Вот уже два дня, с тех пор как Флори сообщила ей о своем будущем материнстве, Матильда не переставала думать обо всех тех изменениях, которые рождение малыша принесет в жизнь семьи. Среди этих мыслей прежде всего была, разумеется, надежда: ведь ребенок — это всегда некое обещание, но и новый этап в жизни каждого из них. Для Этьена, да и для нее — это новая обязанность научить его своему ремеслу. А также конец всяким любовным мечтам! Став бабушкой, просто немыслимо предаваться мечтам о безумных приключениях: это было бы смешно, и она никогда не позволит себе такого.
«Прощай, Гийом, прощайте сладкие заблуждения! Этот ребенок, с появлением которого я стану просто одной из многочисленных «предков», окончательно выведет меня из этой игры. Не представляю, как бы я могла предаваться сентиментальным мечтам, качая в колыбели внука!»
Ей был ниспослан еще один знак. Кто-то снова помогал ей удерживаться на пути мудрости. Как и все предыдущие, это такое явное свидетельство внимания твердо направляло ее по пути безоговорочного отказа от себя.
«Да будет так! Да сбудется Твоя воля, Господи! Не моя, которая так легко сбивается с пути истинного, а Твоя, единственно Твоя!»
Матильда вздохнула. Пальцы ее, державшие нагрудник, который она вышивала яркими разноцветными шелковыми нитками, машинально продолжали свою работу, мысли же были далеко.
Наступило более прохладное время. Грозы, несколько дней следовавшие одна за другой, наконец-то освежили воздух. Дожди разбудили мощные ароматы, подымавшиеся от размокшей земли, благоухали июньские розы, вновь зазеленевшая трава, пошли в рост овощи на огороде, лекарственные травы в саду. Эти возбуждавшие чувственность запахи волновали Матильду, разжигали в ней страстные желания, которым не суждено было исполниться и которые следовало строго контролировать.
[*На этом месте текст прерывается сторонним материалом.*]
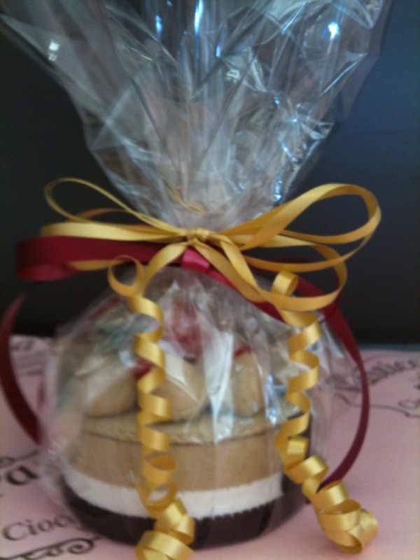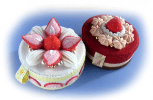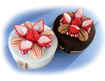 私の作ったフェルトケーキ箱も、画像のように中にお菓子を詰め、ラッピングした上で「ボンボニエール」として売り出しているそうで、こちらも、まずまずの売れ行きだそうです。
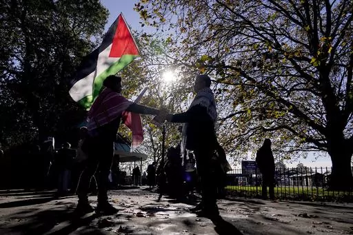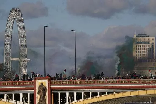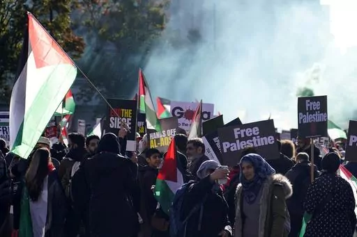 LONDON (AP) — Pro-Palestinian demonstrators marched peacefully through central London on Saturday, even as right-wing counter-protesters clashed with police, after a week of angry debate over whether to permit the event on a day when Britain honored its war dead.
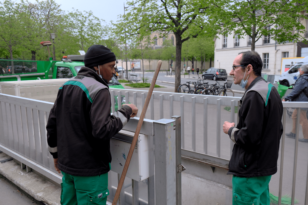 « Il est 5 heures, Paris s’éveille. » Dans la ville déserte, le jour n’est pas encore levé. Près de la place Denfert-Rochereau (14e), les éboueurs arrivent les uns à la suite des autres à l’atelier souterrain. Les hommes et les quelques femmes s’engouffrent dans le local technique pour se changer. « Salut Boubou ! » Le responsable nous accueille en saluant les premiers équipiers en tenue, prêts pour le service du matin qui commence à 6 heures.
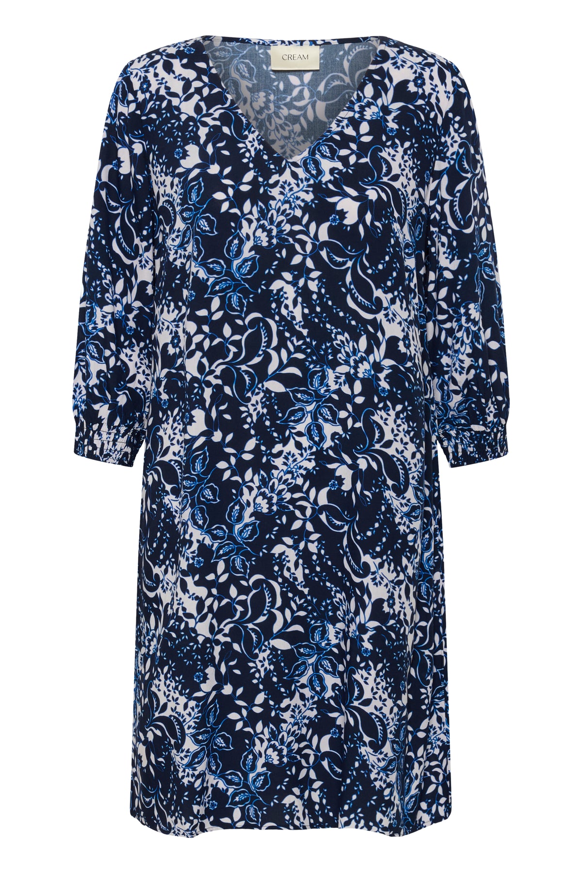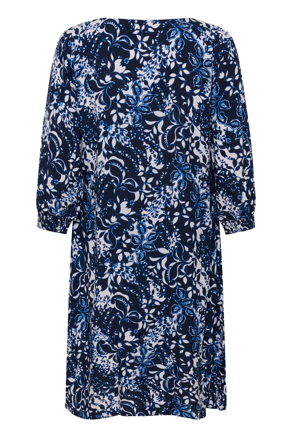 Robe Tiah à motif floral bleu avec encolure en V et manches trois-quarts, élégante et confortable au tombé fluide.
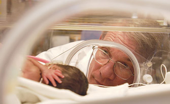 The newly expanded 150-bed, Level IV newborn intensive care unit (NICU) offers nationally-ranked care for the most fragile newborns in a family-centered, caring environment. A 110-foot walkway connects the NICU with labor and delivery at Barnes-Jewish Hospital, so that moms and babies are closer than ever.
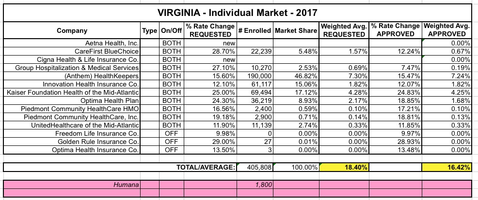 Approved Avg *Unsubsidized* 2017 Indy Mkt Rate Hikes for New Hampshire & Virginia: 8.8% and 16.4%
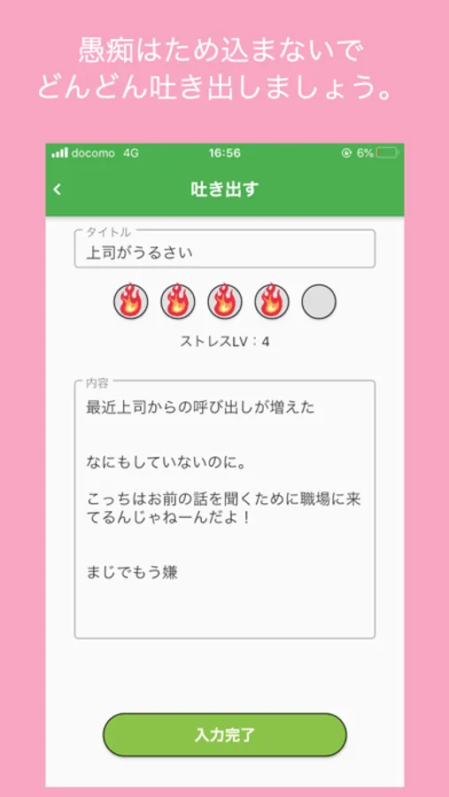 ・愚痴のタイトル、愚痴レベル、愚痴の内容を入力。
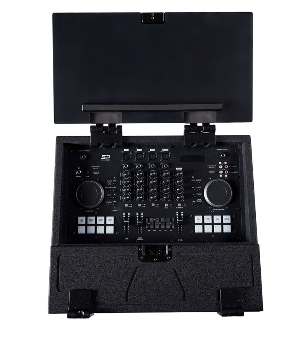 A ready to go all in one DJ package fully incorporated into one compact self contained unit. lt fulfills all of your requirements with one easily transportable, easy to set up system. While on the go, there are built in compartments for easy storage for both speakers and tripods.
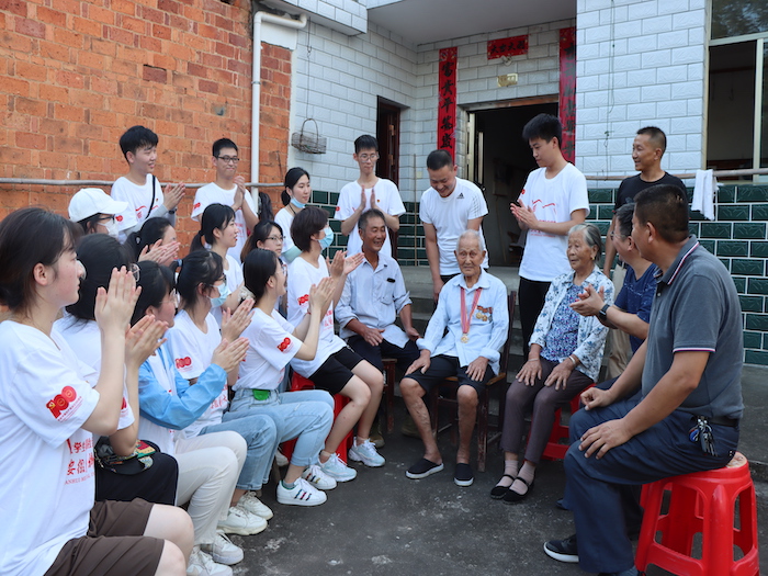 走访抗战老兵,赓续红色血脉。在龙山村抗美援朝老战士王文端的家里,实践队员们送上大米、面条、食用油等慰问品,为他量血压并详细关心他的身体状况,怀着敬仰之情细细观看老战士胸前挂满的勋章。王文端老战士已经92岁高龄,听力衰退,虽然他现在不方便和队员们直接对话,但实践队员们从老战士炯炯有神的双眼中,仿佛依稀能够感受到一名中国抗战军人不畏牺牲、勇往直前的精神品格。“看见老兵祥和的面容,身上挂满的勋章,我感到无比震撼。”2018级临床医学专业学生党员刘欢深情地说道,“作为一名医学生,我们要传承红色基因,赓续红色血脉,努力学习,甘于奉献,用实际行动为国家和社会做贡献。”
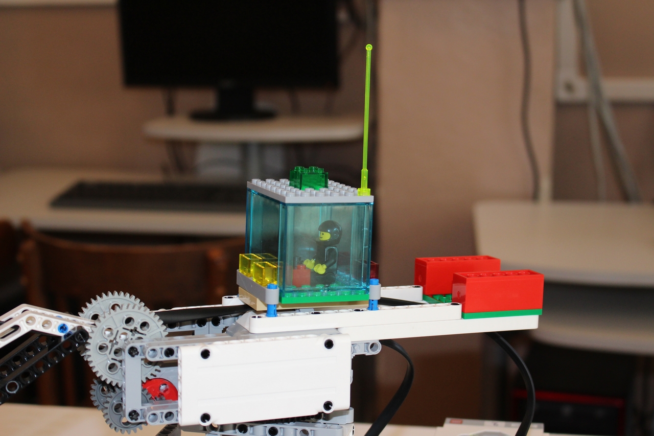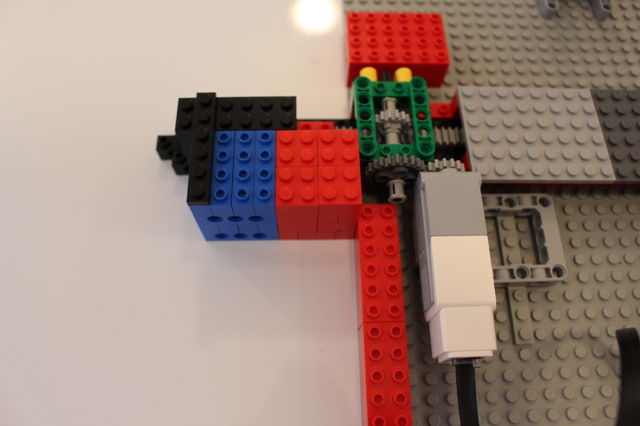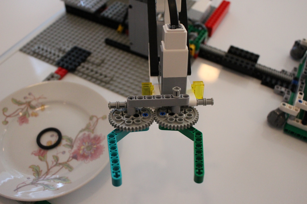 Pri tejto úlohe sme postavili robotický žeriav, ktorý ukladá vajíčka do krabičky. Využili sme 4 motory:
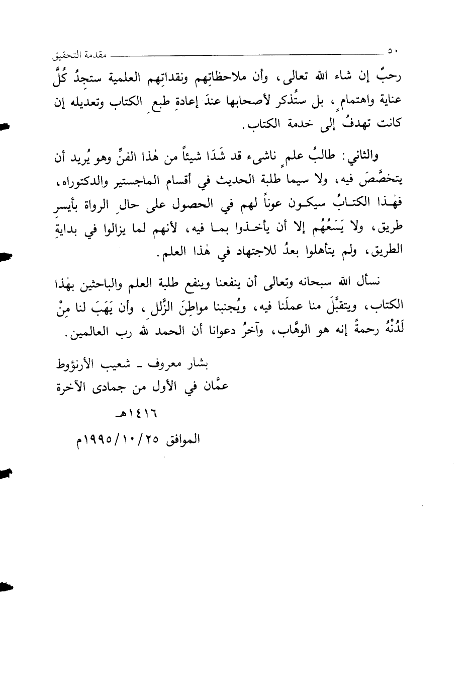 رحبٌ إن شاء الله تعالى، وأن ملاحظاتِهم ونقداتِهم العلمية ستجِدُ كُل عناية واهتمام، بل ستُذكر لأصحابها عندَ إعادةِ طبع الكتاب وتعديله إن كانت تهدفُ إلى خدمة الكتاب.

В эту субботу накануне Троицына дня, уже к четырем часам, раньше чем обычно вернувшись с ярмарки в Ланди, где они оставили учеников на попечение Бертрана, Этьен и его супруга прежде всего почувствовали необходимость немного отдохнуть от дневных забот, от пыли, от сутолоки и шума ярмарки. Сидя рядом на каменной скамье у бассейна, они мирно беседовали под легкими ветвями орешника. Их объединяло чувство передышки, согласия, возобладавшее над обычными их проблемами. Как и ожидала с самого начала Матильда, испытание, которое они вместе проходили, наконец-то их сблизило.
— Да, дорогая, скоро мы станем дедушкой и бабушкой!
Этьен положил на руку жены свою.
— В моем возрасте это совершенно нормально. В вашем рановато, конечно, хотя и довольно распространено. Вы будете молодой и красивой бабушкой, милая, что ж, это неплохо! Не думаю, что вам стоило об этом жалеть. Внуки будут любить вас. Это так восхитительно!
Порывистым жестом юнца ювелир поднес к губам ее пальцы и благоговейно их поцеловал.
Матильда улыбнулась с видом снисходительного согласия. Выражение, в котором Этьен уловил радость и не увидел ни тени меланхолии, ощутил согласие, дышавшее мудростью и ясностью, без всякой иронии, озарило любимое им лицо.
— Вы всегда смотрите на меня глазами любви, мой друг! Верьте, что я отдаю должное этому постоянству. Однако внуки наши будут смотреть на меня совершенно по-другому. Хочу я того или нет, став, как вы говорите, молодой бабушкой, для них я буду самой старой из женщин в доме.
— Вы забываете свою собственную бабушку и ее восемьдесят лет.
— Когда дети Флори дорастут до понимания того, что такое молодость или старость, моей бабушки, вероятно, уже не будет с нами. И печальная привилегия старейшей в семье достанется мне!
— Слава Богу, до этого еще далеко! А вы, моя дорогая, так же свежи, как и десять лет назад.
— Мне стукнуло уже тридцать пять, Этьен!
— Но не сорок же, когда женщин допускают в услужение духовенству, насколько я знаю! Вы не должны забывать, что вы остаетесь неизменно красивой женщиной!